Like his characters, Feiffer's got a superiority complex that keeps colliding with an inferiority complex, and a knack for turning neurotic self-examination into comedy: an agonizing stomachache he describes abruptly disappearing when he finally admits out loud that he hates his mother could have come straight out of one of his early cartoons. Even after he's achieved fame, he seems hardly able to believe that he's in the same circle as other bold-face names -- there's a hilarious bit about watching Marlene Dietrich and Kenneth Tynan discuss "Papa" Hemingway ("Apparently, I was the only one at the table who knew I was a fraud").
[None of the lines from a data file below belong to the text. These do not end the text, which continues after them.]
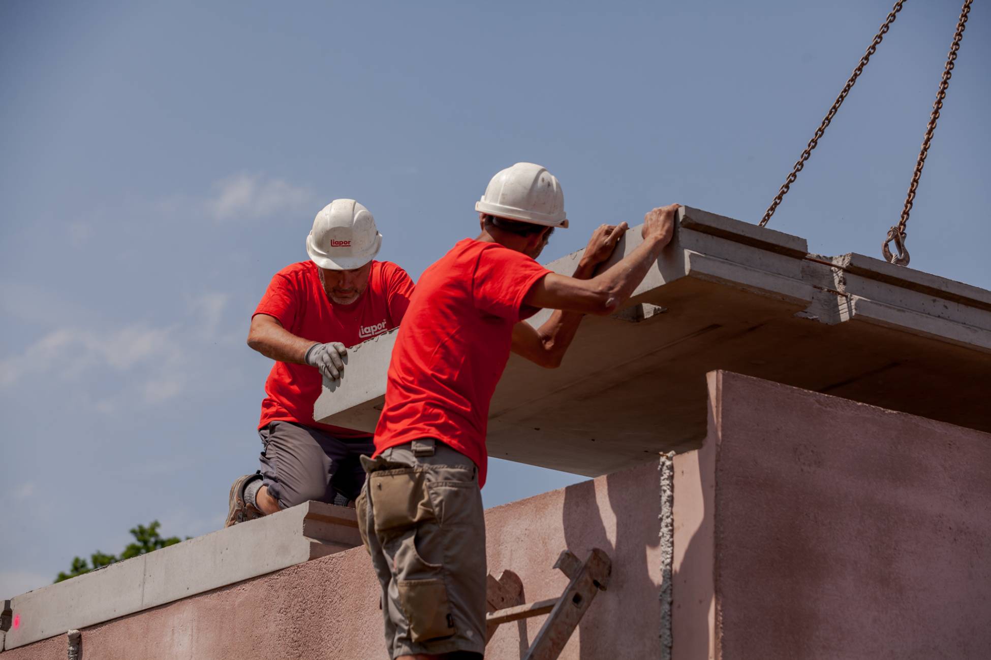 Domy jedním tahem stavíme z velkoplošných dílců z lehkého keramického Liaporbetonu. Ale není beton jako beton! Při porovnání s běžným betonem má tento ve své podstatě keramický materiál skvělé tepelněizolační vlastnosti a v domě zajišťuje příjemné klima v zimě i v létě podobně, jako tomu je třeba u cihlových domů.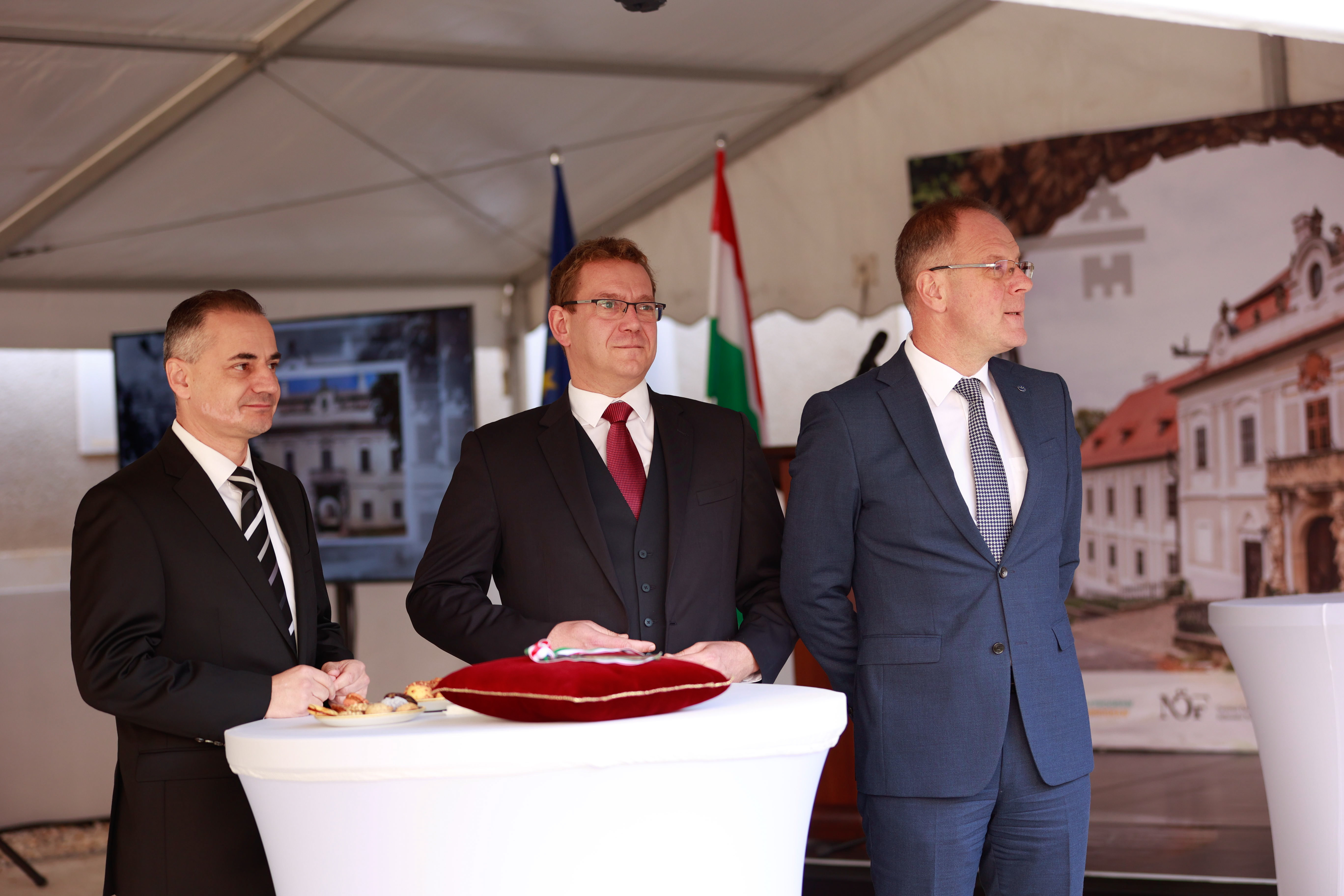 A püspöki palota fejlesztése a NÖF Nemzeti Örökségvédelmi Fejlesztési Nonprofit Kft. koordinációjában, a Nemzeti Kastélyprogram keretein belül valósult meg, összesen 2.043.380.007, - Ft forrásból, részben uniós, részben hazai támogatásból. A kivitelezést a Dunántúli Magasépítő Kft. és az SZ-L BAU Építőipari Kft. végezte, amelyről lapunk már korábban is beszámolt.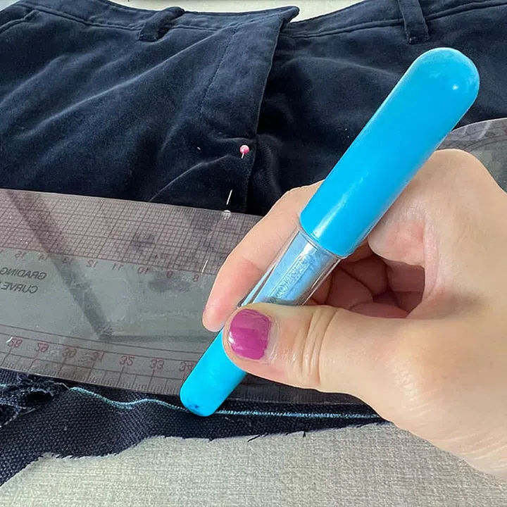 Step 1: Get a pair of trousers one size bigger than your normal size for an instant low rise fit. Set your mark on how short you want your skirt on the trouser legs with a tailor’s chalk. Pull out your pockets before you cut so that the scissors doesn’t get into the pockets!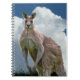 Fotografia de um canguru macho sobre fundo do céu azul e nuvens inchadas.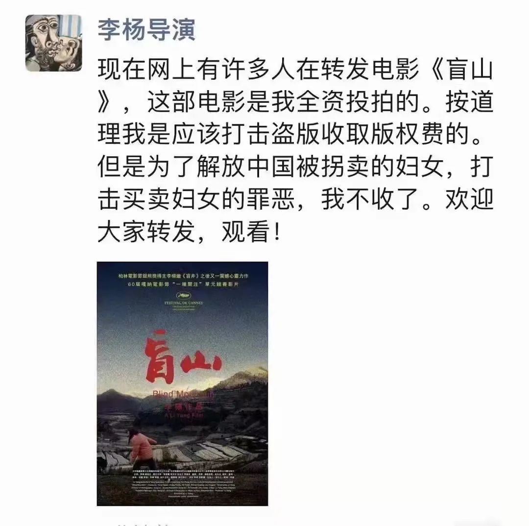 2月5日,电影《盲山》的导演李杨在朋友圈发布了一条声明:“现在网上有许多人在转发电影《盲山》,这部电影是我全资投拍的。按道理我是应该打击盗版收取版权费的。但是为了解放中国被拐卖的妇女,打击买卖妇女的罪恶,我不收了。欢迎大家转发,观看!”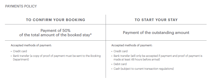 If you choose to pay by bank transfer, you will be required to notify the Booking Department in advance and make the transfer in a timely way, sending the corresponding proof of payment at least 48 hours before arrival, since the payment must be received in full before check-in.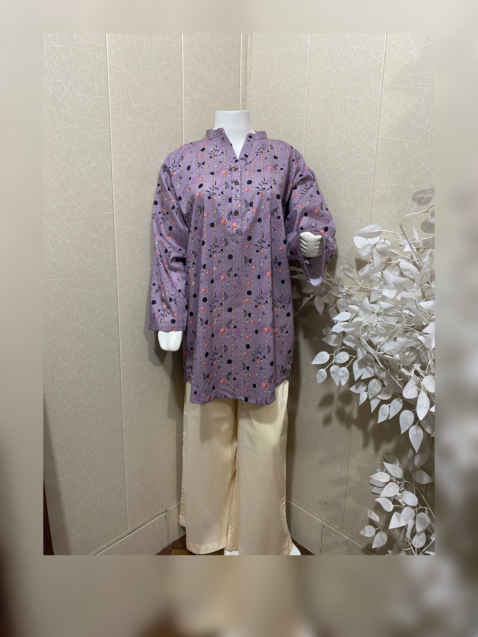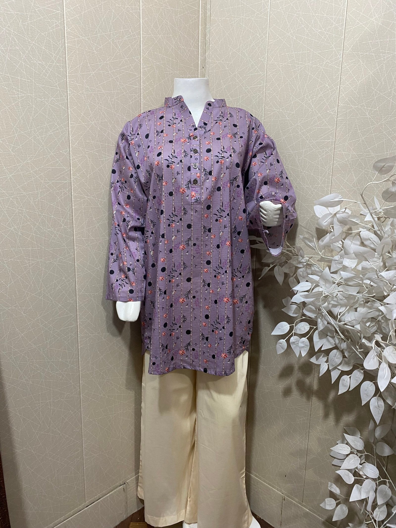 its a 2 pc stitched dress,loose fited top wt plazo. stuff is cambric law best for summer and mid season too.
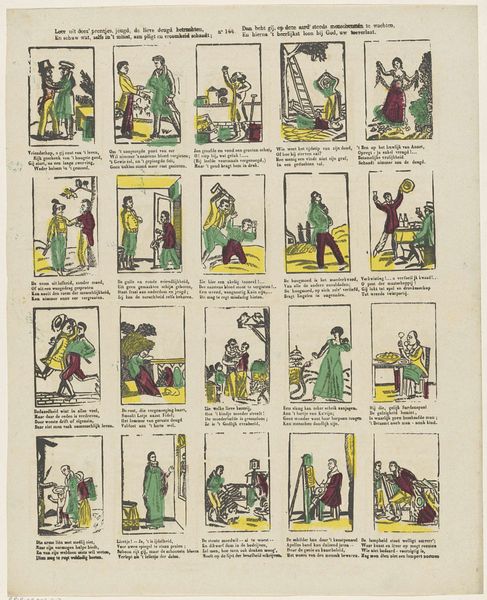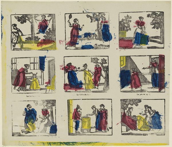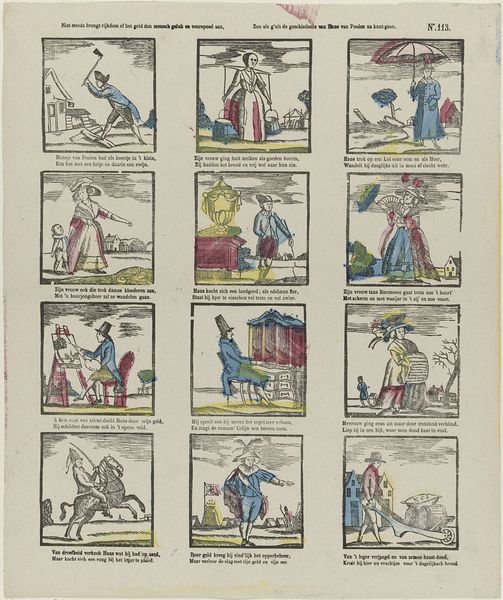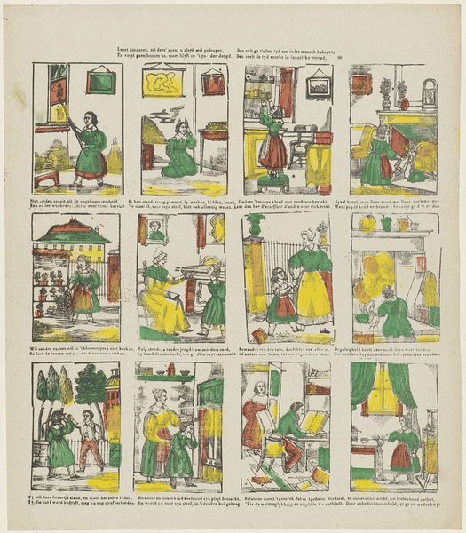 Curator: This work, titled "Beroepen, spelen en bezigheden", or "Occupations, games, and activities," presents a sequence of vignettes that are contained within the Rijksmuseum collection. Created sometime between 1827 and 1894 by M. Hemeleers-van Houter, this print utilizes the woodcut medium. Editor: My initial impression is how charmingly rudimentary these scenes appear. The constrained color palette and blocky forms imbue them with a naive quality. Each tableau, in its roughhewn simplicity, resonates. Curator: Absolutely. It's vital to acknowledge the socio-historical setting in which such a piece was created. Visual imagery during this period was pivotal for illustrating aspects of societal labor and customs to a wider public—before readily accessible photography and film. This was particularly relevant to print, which has often provided satirical caricatures for broader populations. Editor: The composition leans heavily on linear definition. Observe how outlines form the structure and then overlaying flat colors fill each segment, rather like the rudimentary methodology of a coloring book. It is this reduction to simple shapes that grants each little stage such character. Curator: True. And examining its placement within art history, you might find it resonating with styles prevalent in works of Ukiyo-e, specifically, its utilization of commonplace topics alongside an economy in line. It suggests an intriguing dialogue across continents. This form permitted wider circulation, playing a democratizing purpose within 19th-century society. Editor: There’s an unmistakable graphic quality here as well. Notice how each discrete image compartment forms a structural pattern—these small rectangular planes create a grid of shapes in turn dictating reading directions, similar to modern comics but realized via more classical graphic principles. The format encourages an intentional act by any audience member to “parse” different scenes for interpretation of possible underlying narratives. Curator: Your parsing of the picture in that fashion illuminates the value of such pieces far beyond simplistic decoration! It reveals a sophisticated visual language engaged heavily across culture. These glimpses of lives may now seem simplistic but they speak expansively about the social and material fabric when they emerged, prompting ongoing considerations about ourselves as viewers in return! Editor: Precisely, revealing, perhaps unexpectedly through very reductive strategies of both the artistic creation and contextual appreciation ways that art's potential endures.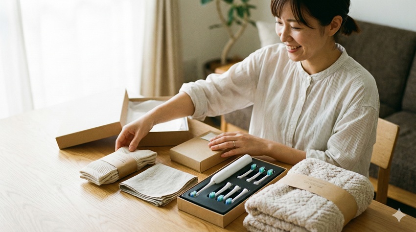もう少しひねりを効かせるなら、「高機能歯ブラシ」や「高級フェイスタオル」もアリです。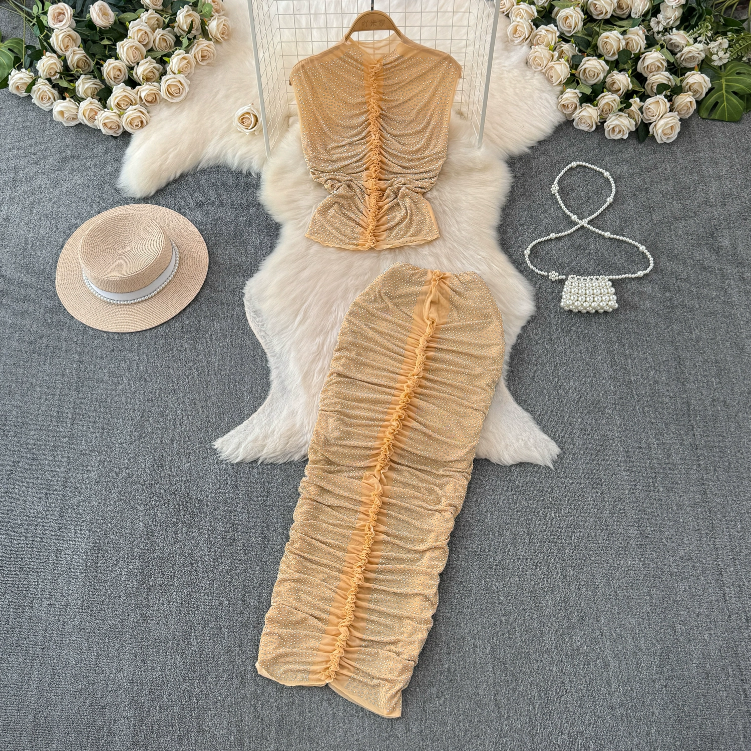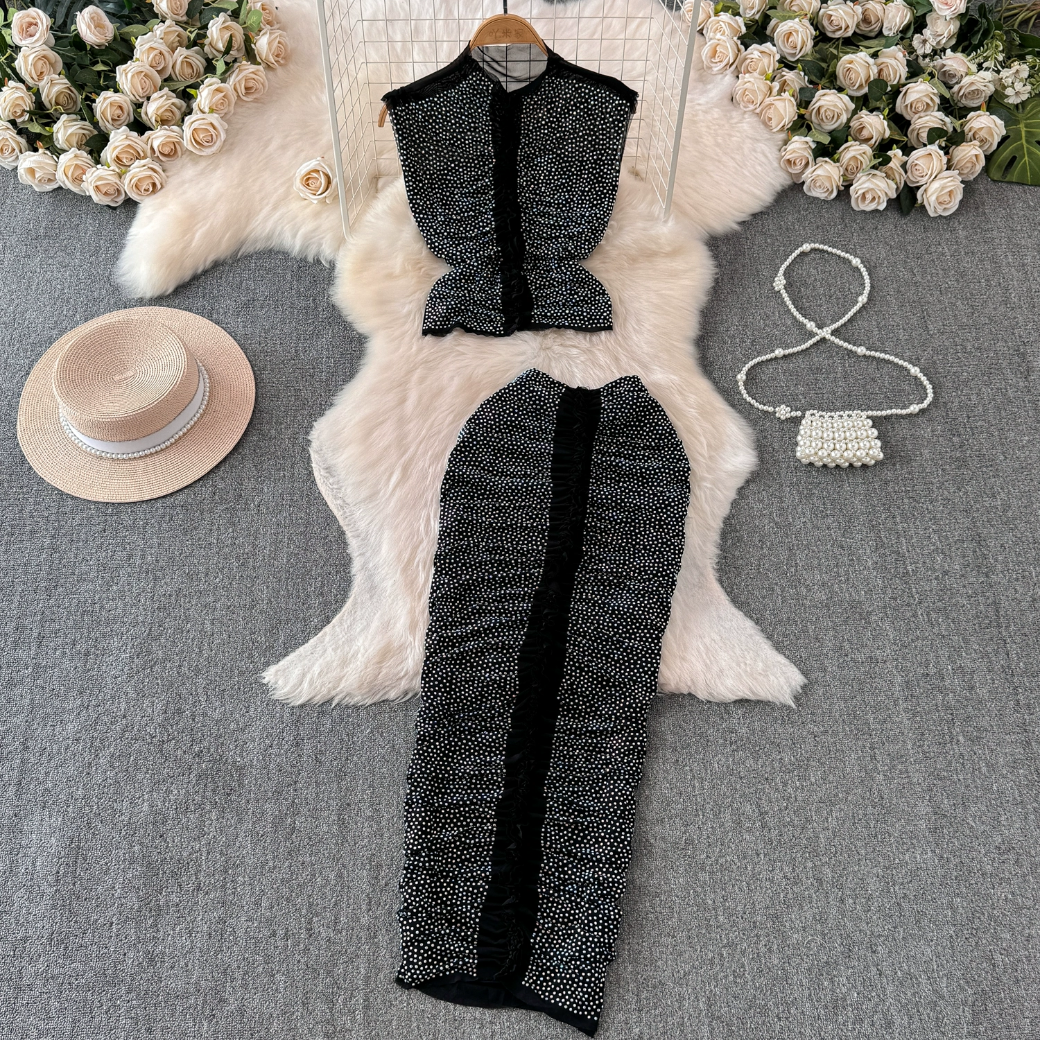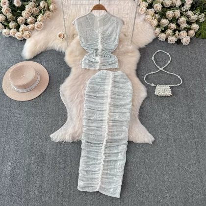 | nameOriginal | Women's summer elastic hip-hugging vest with sparkling diamonds to show your figure |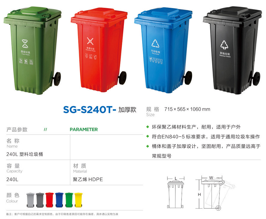 菜單産品中心Product center 塑料垃圾桶 垃圾分類房 垃圾分類亭 智能(néng)回收箱 多分類垃圾桶 不鏽鋼果皮箱 鋼木果皮箱 有害垃圾箱 室内垃圾桶 花箱/公園椅 人力保潔車 新能(néng)源環衛車 噴塑加工 钣金加工 熱門産品 →噴塑加工 →外殼钣金加工 →SG-S240G-标準款 您的位置:首頁 → 公司産品 → 塑料垃圾桶 → SG-S240T SG-S240T類别:塑料垃圾桶 簡介:公司專業生産“蘇冠”、“ 智尚彙”品牌的各種塑料垃圾桶、智能(néng)回收箱、智能(néng)清潔小屋、(不鏽鋼、金屬、鋼木、玻璃鋼、石材)垃圾桶、垃圾屋、果殼箱、清潔車、移動廁所、戶外休閑椅、廣告牌等系列産品。産品廣泛應用于生活小區、公共場所、園林綠化、賓館、醫院等場所。采用國際标準的原材料進行生産,産品具有美觀、耐用、防腐、環保等優點,對改善生活環境和工作起(qǐ)到一定的推動作用。 在線咨詢 返回列表 産品說明 相關産品 SG-S12L/10L SG-S12L/10L SG-S15L/14L/8L SG-S15D SG-S20F/16F SG-S25T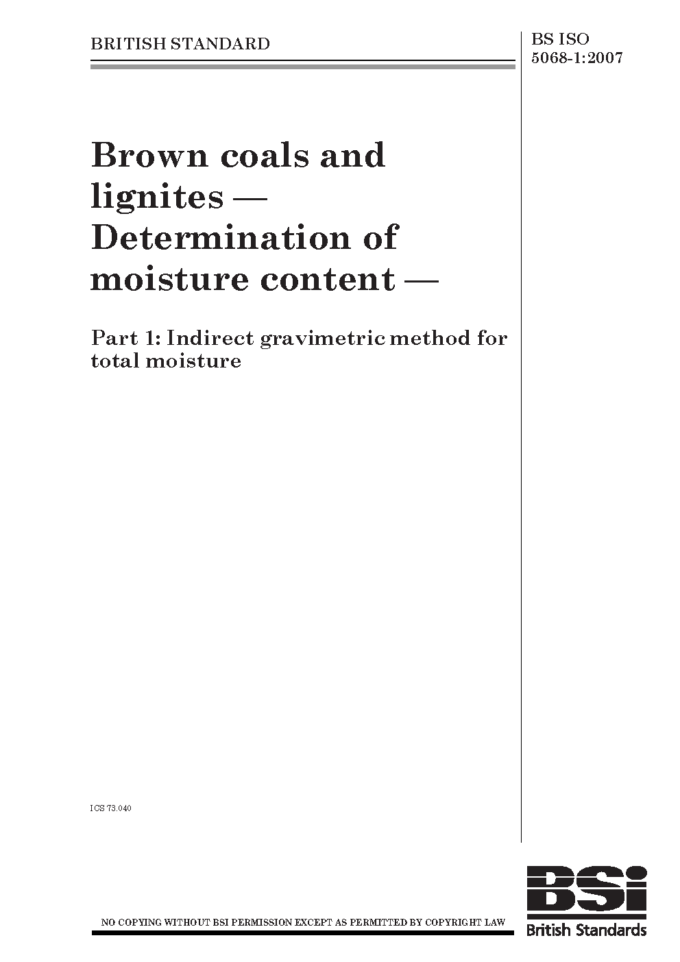 Brown coals and lignites. Determination of moisture content Indirect gravimetric method for total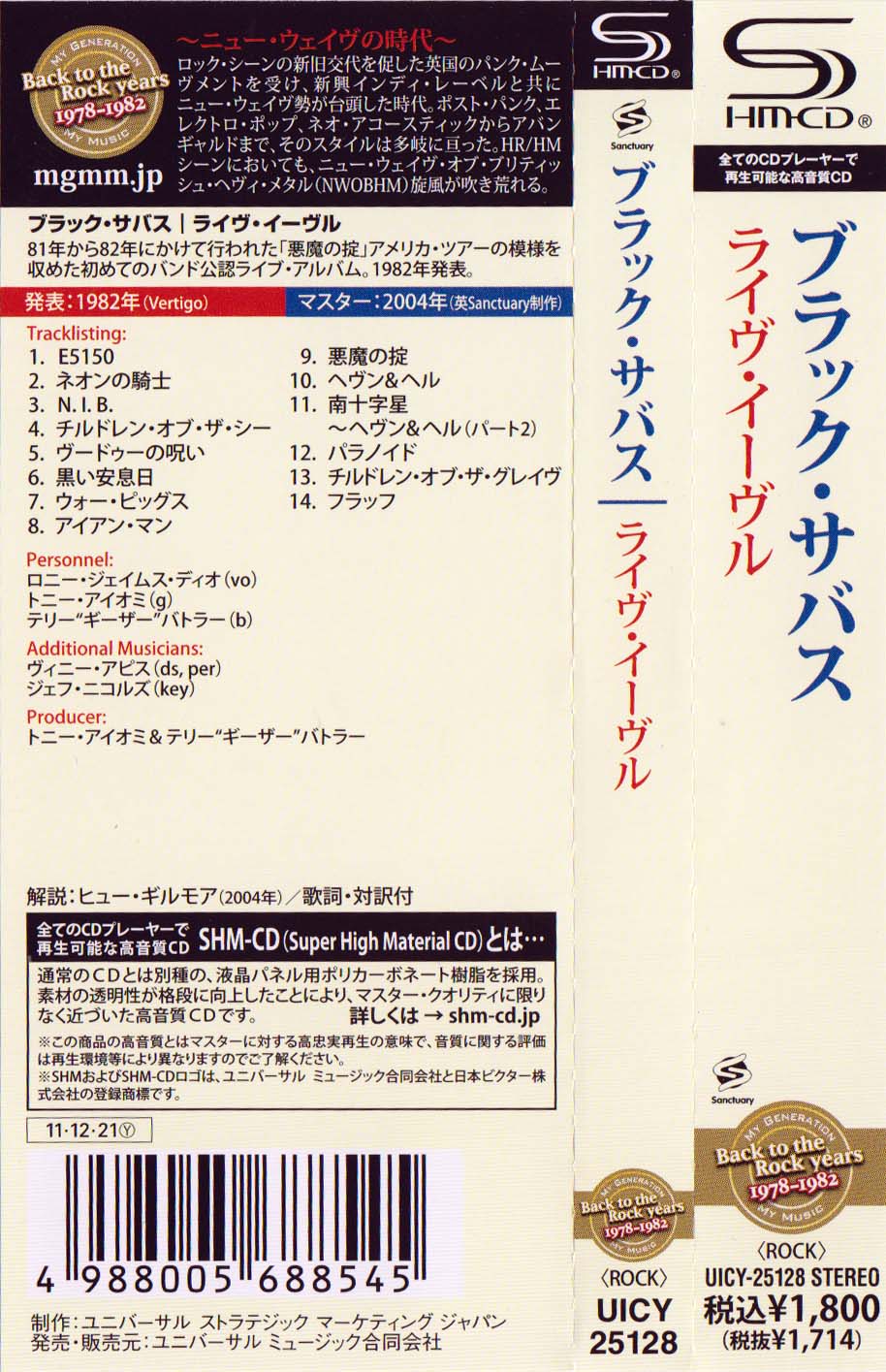 - Universal Music/Sanctuary UICY-25128, Japan, December 21st 2011

After Backing Into Forward gets past the early-years-of-bitter-struggle part of Feiffer's story, he's got fewer stories to relate. The process of writing his 1967 play "Little Murders" at Yaddo is more or less the climax of the book; the subsequent forty years of his career are relegated to the book's final fifty pages. But the fun part of Backing Into Forward is less thedetails of Feiffer's work, and his brushes with other notables, than his keen-edged, blood-speckled wit, which he turns on himself as often as on the cruel world around him.